Книга жизни. Воспоминания
Шрифт:
И вот затрещали суровые звуки барабанов. Неясный гул, стук и гам надвигающейся лавины раздавался все больше. Слышался уже звон мундштуков, лязг оружия, стук подков о камни. Процессия двигалась не медленным шагом — она шла на рысях.
Впереди ехало несколько рядов солдат, точно очищая путь для кортежа. А затем следовали две колесницы. Люди, со связанными назад руками и с черными досками на груди, сидели высоко наверху. Я помню полное, бескровное лицо Перовской, ее широкий лоб. Помню желтоватое, обросшее бородой лицо Желябова. Остальные промелькнули передо мною незаметно, как тени.
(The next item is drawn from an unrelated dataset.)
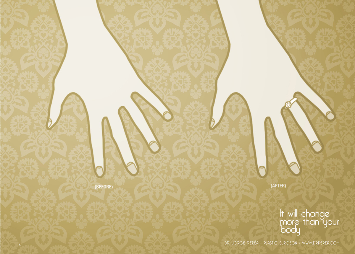 Переход от теории Камасутры к практике лежит через пластическую хирургиюРекламная кампания клиники пластической хирургии Dr. Perea от агентства McCann Erickson утверждает, что воспользовавшись услугами этой клиники, женщина не только изменит свой внешний вид, но и кардинально изменит в лучшую сторону свою жизнь. Выйдет замуж, станет привлекательна в сексуальном плане для мужчин.Изменит больше чем ваше тело Агентство: McCann Erickson, Bogota, Colombia Креативный директор: Samuel Estrada DGC Арт директора: Reini Farias, Eduardo Angel Копирайтер: Eduardo Angel |

Но ужасны были не они, не тот конвой,
Я не знаю, откуда набран он был, какие отрепья его составляли. В прежнее время, на Сенной площади, у "Вяземской лавры", группировались такие фигуры. В обычное время в городе подобных выродков нет.
Это были простоволосые, иногда босые люди, оборванные, пьяные, несмотря на ранний час, радостные, оживленные, с воплями несущиеся вперед. Они несли с собой — в руках, на плечах, на спинах — лестницы, табуретки, скамьи. Все это, должно быть, было краденое, стянутое где-нибудь.
Это были "места" для желающих, для тех любопытных, что будут покупать их на месте казни. И я понял, что люди эти были оживлены потому, что ожидали богатых барышей от антрепризы мест на такое высокоинтересное зрелище.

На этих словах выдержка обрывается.